Species of gastropod

Gymnobela emertoni is a species of sea snail, a marine gastropod mollusk in the family Raphitomidae.

==Description==
The length of the shell varies between 14 mm and 27 mm.

(Original description) The shell is moderately large, stout and ovate. The body whorl is very large in proportion to the rest of the shell. Some of the upper whorls are ribbed and nodulous, while the two lower whorls have only spiral lines and lines of growth. The shell contains about eight whorls, three of which form a chestnut-colored protoconch. About three whorls below the protoconch are covered with prominent, longitudinal ribs, which form a well marked shoulder and are crossed by several conspicuous, revolving cinguli and grooves, which render them decidedly nodulous.

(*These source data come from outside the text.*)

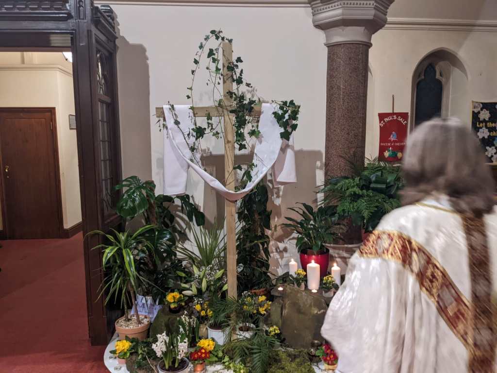 The slideshow below shows photos taken during the joyous Easter Sunday morning service. It was also announced that over £500 had been raised in aid of Ukraine during the last week.
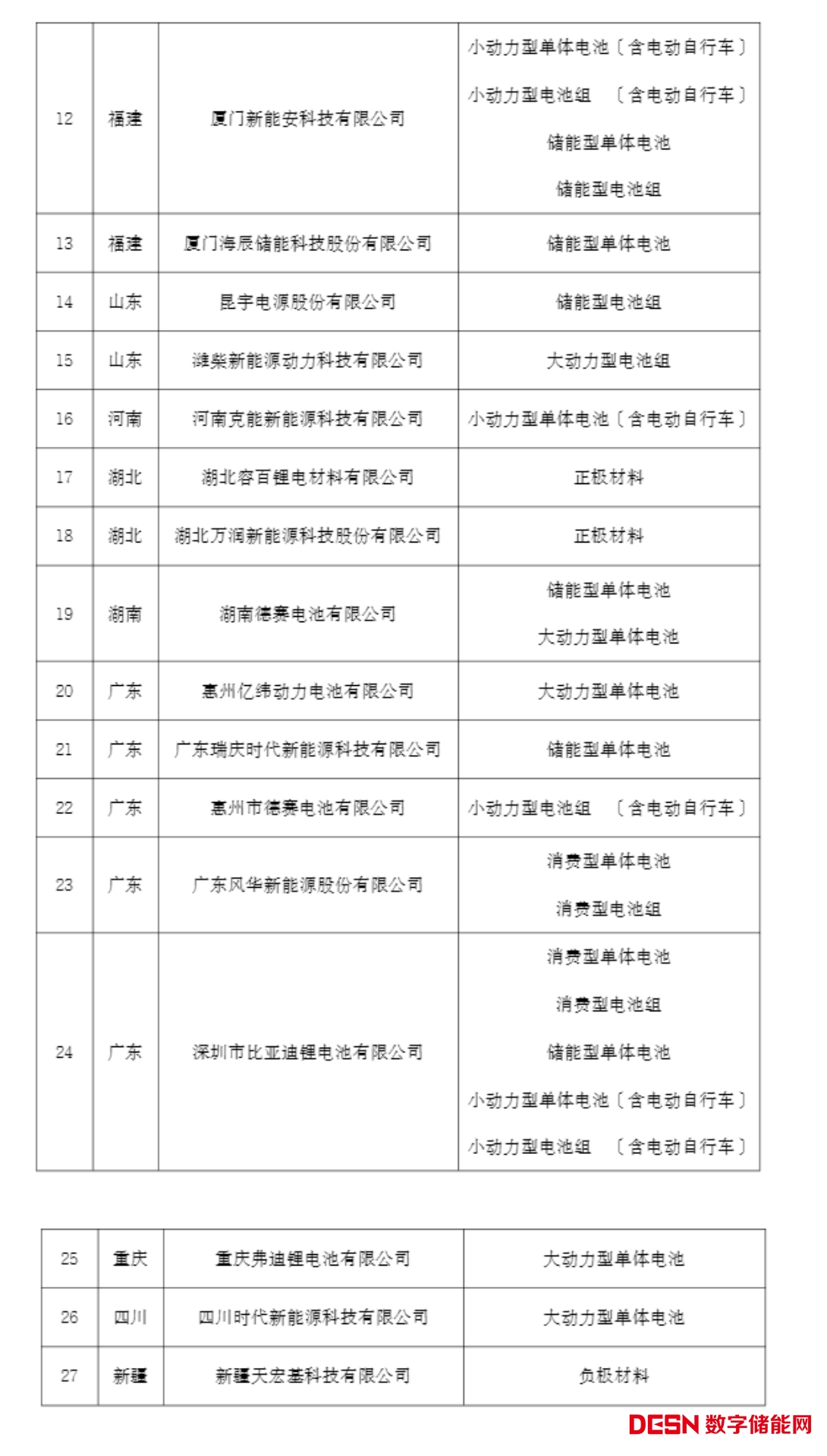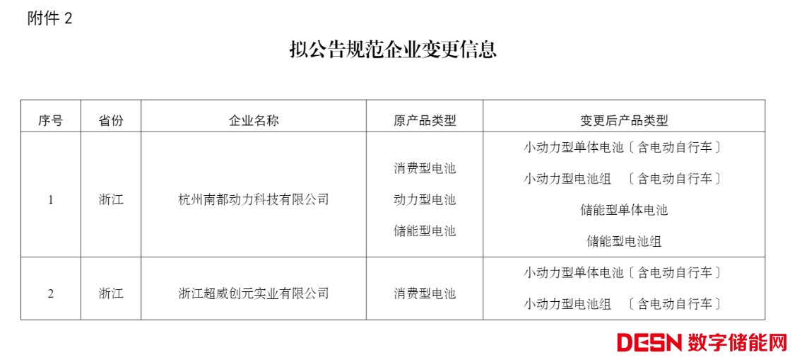中國儲(chǔ)能網(wǎng)訊:根據(jù)《鋰離子電池行業(yè)規(guī)范條件(2024年本)》《鋰離子電池行業(yè)規(guī)范公告管理辦法(2024年本)》,經(jīng)企業(yè)自愿申報(bào)、省級主管部門推薦、專家評審、現(xiàn)場核查等程序,現(xiàn)將擬公告符合《鋰離子電池行業(yè)規(guī)范條件》企業(yè)名單(第八批)予以公示(見附件1)。已公告企業(yè)杭州南都動(dòng)力科技有限公司、浙江超威創(chuàng)元實(shí)業(yè)有限公司產(chǎn)品類型發(fā)生變更,擬更新有關(guān)公告信息(見附件2)。以上信息一并予以公示。
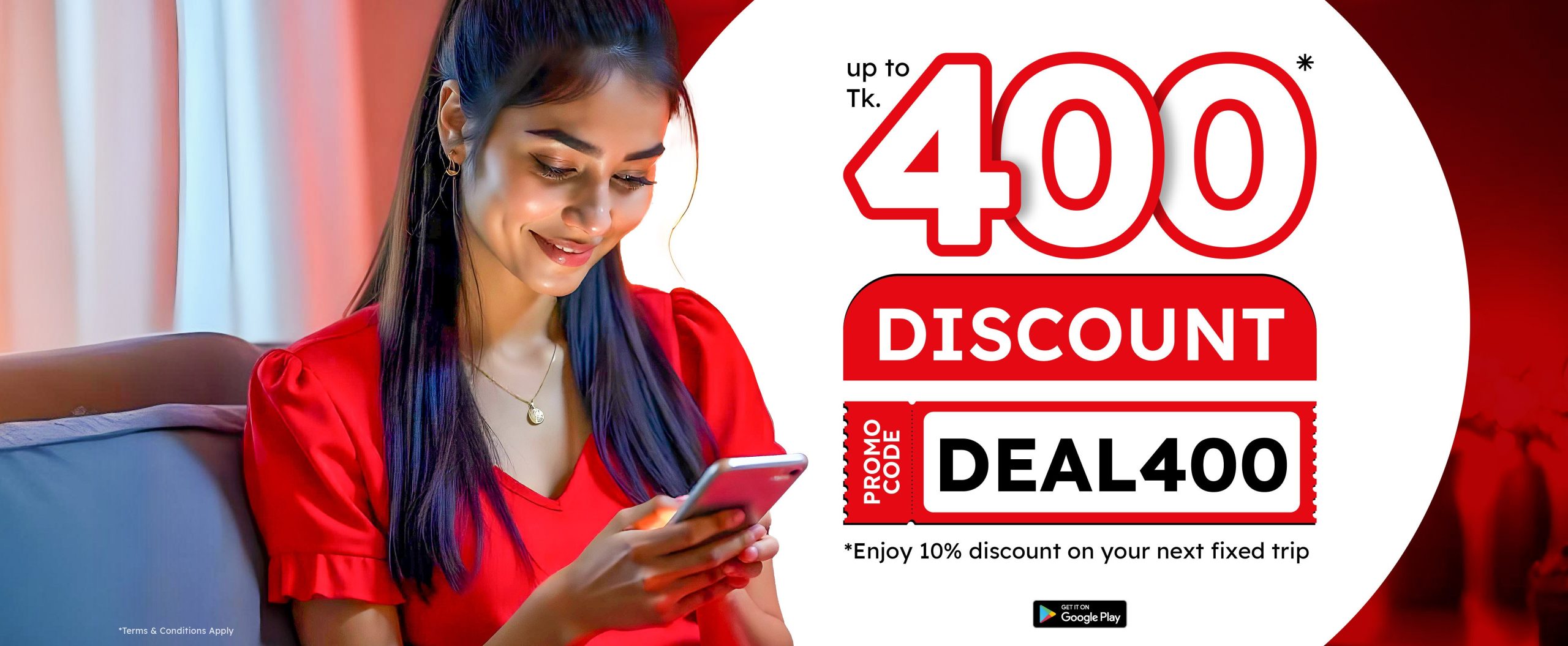 Use Promo Code: DEAL400 to Enjoy a 10% (UP TO TK.400) Discount on Fixed Trips!
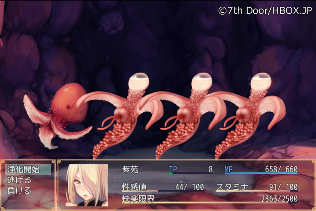iPhoneでも遊べる!「7th Door」様のズッポリ丸呑み&超大量ダクダク粘液RPG「退魔師紫苑」の紹介!
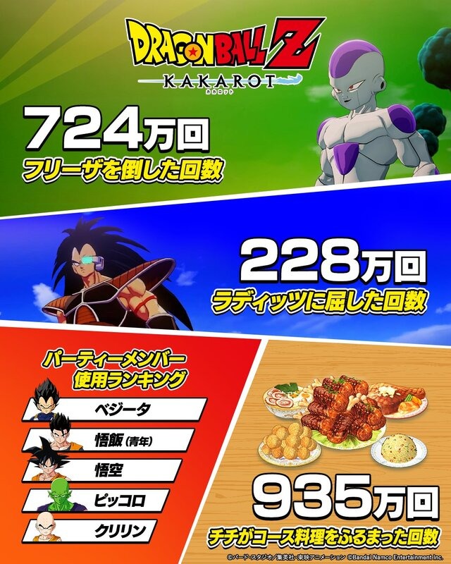 バンダイナムコエンターテインメントは、『ドラゴンボールZ KAKAROT』の世界累計販売本数が1,000万本を突破したと発表しました。
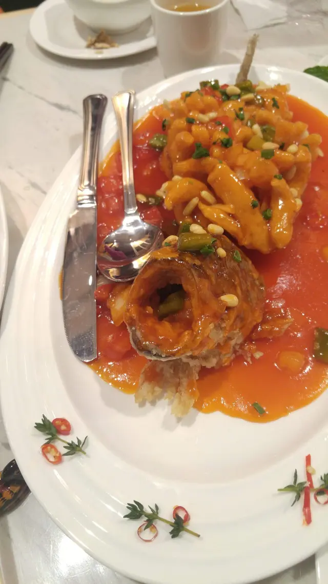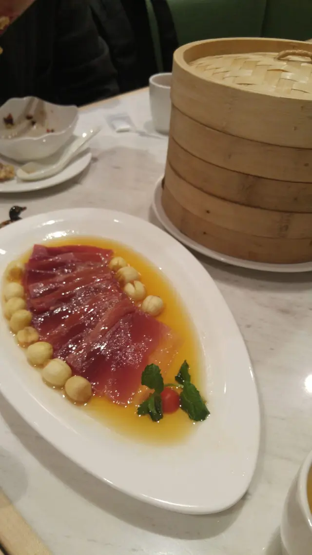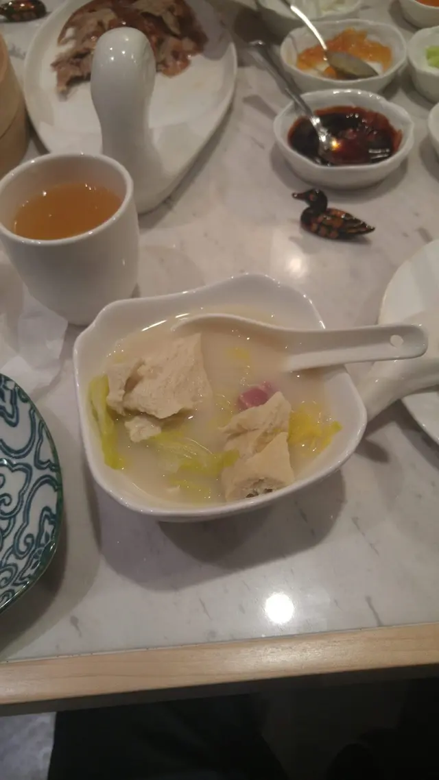 甜品則有高力豆沙、腰果露。重頭戲烤鴨沒有教人失望,皮薄、鴨香不膩醮上酸梅醬和蜜瓜,新鮮感倍增,一試無妨。另外,個人欣賞蜜汁烤雙方的麵包香滑軟熟,夾着甜甜的金華火腿;咸香味足。其他菜式都不過不失,與新式揚淮菜差不多,沒有驚喜。此外,再談一下
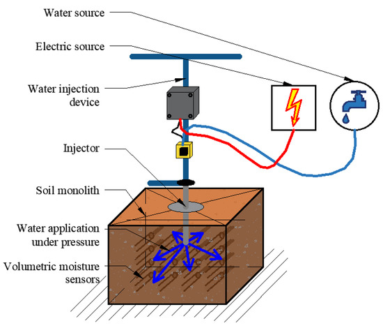 The fundamental difference between the process of injection irrigation and the irrigation systems used so far is the method of water application and the dynamic of an increase of soil moisture within the root system of the crop plant. In the case of the conventional methods of irrigation, the phenomenon of moisture dynamics can be defined as water movement within the aeration zone, caused primarily by the heterogeneity of the sum of gravity potential and pressure equivalent of soil water potential. The gravity potential is related with the effect of gravity on water, while the pressure equivalent is defined by the difference between pressure in water and the atmospheric pressure in the environment of the water particle (so-called matrix or pressure potential) [15,16]. The unique concept of injection irrigation relates to the case when a dose of water is applied to soil in the conditions of a high hydraulic pressure (at the intensity of several hundreds of cm3 of water within a few seconds). Therefore, the dynamics of volumetric moisture in the soil monolith is not determined by the gravity gradient and the pressure equivalent, but solely by the hydraulic pressure of the injected liquid [17]. After the process of injection, the hydraulic pressure disappears and water movement takes place as a result of the difference in the total potential composed mainly of the gravity potential and the pressure equivalent.
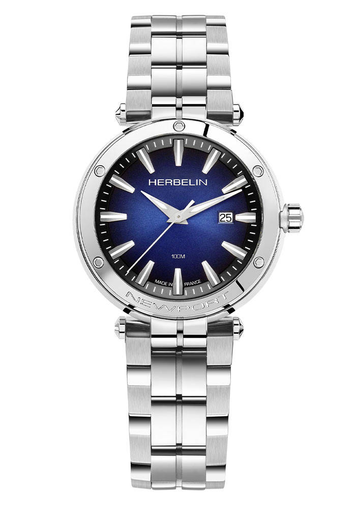 Herbelin Newport 14288B15 je návrh krásných klasických hodinek pro dámy, které preferují jednoduché linie a klasiku. Hodinky Herbelin z kolekce Newport jsou modelem, který sleduje ducha sportu. Hodinky jsou vyrobeny v námořním stylu. Kulaté 35mm pouzdro je vyrobeno z nerezové oceli ve stříbrné barvě. Zepředu je na lunetě vidět 5 ozdobných šroubů a název námořní kolekce Newport . Na očka pouzdra je připevněn elegantní náramek s bezpečnou motýlkovou sponou. Náramek modelu 14288B15 zajistí pohodlné používání časomíry a skvělý vzhled v kombinaci s kulatým pouzdrem. Modrý ciferník se vyznačuje elegantními ručičkami, lineárními indexy a funkcí data na 3. hodině. Safírové sklíčko extrémně těžko poškrábatelné ochrání ciferník před poškozením. Námořní duch dodává těmto hodinkám také sportovní nádech. Herbelin Newport 14288B15 je návrh pro ženy, které hledají hodinky, které se pohodlně nosí. Hodinky se budou hodit k elegantnímu outfitu i ke každodennímu oblečení. Vysoká vodotěsnost do 100 metrů vám umožní s hodinkami plavat bez obav z jejich poškození.

The subsutural band is broad, strongly concave, occupying nearly or quite half the breadth of the upper whorls, and is crossed by strongly receding, raised lines, parallel with the lines of growth of the sinus, but without spiral lines. The body whorl is large and swollen, covered throughout with very evident lines of growth, which are crossed, except on the subsutural band, by conspicuous, revolving cinguli, which are separated by spaces considerably exceeding their own breadth. The aperture is oblong-ovate, scarcely narrowed at the broad, short, open siphonal canal, and with a very wide and rather deep posterior sinus. The outer lip is thin and projects well forward beyond the sinus in a broadly rounded curve. The columella is straight, with a sinuous inner margin. The inner lip is marked by a narrow and thin enamel, which extends but little forward in a sinuous outline. The color is yellowish white under a thin, smooth, glossy, yellowish green epidermis.

==Distribution==
This marine species occurs on the Mid-Atlantic Ridge and off New Jersey and Virginia, USA.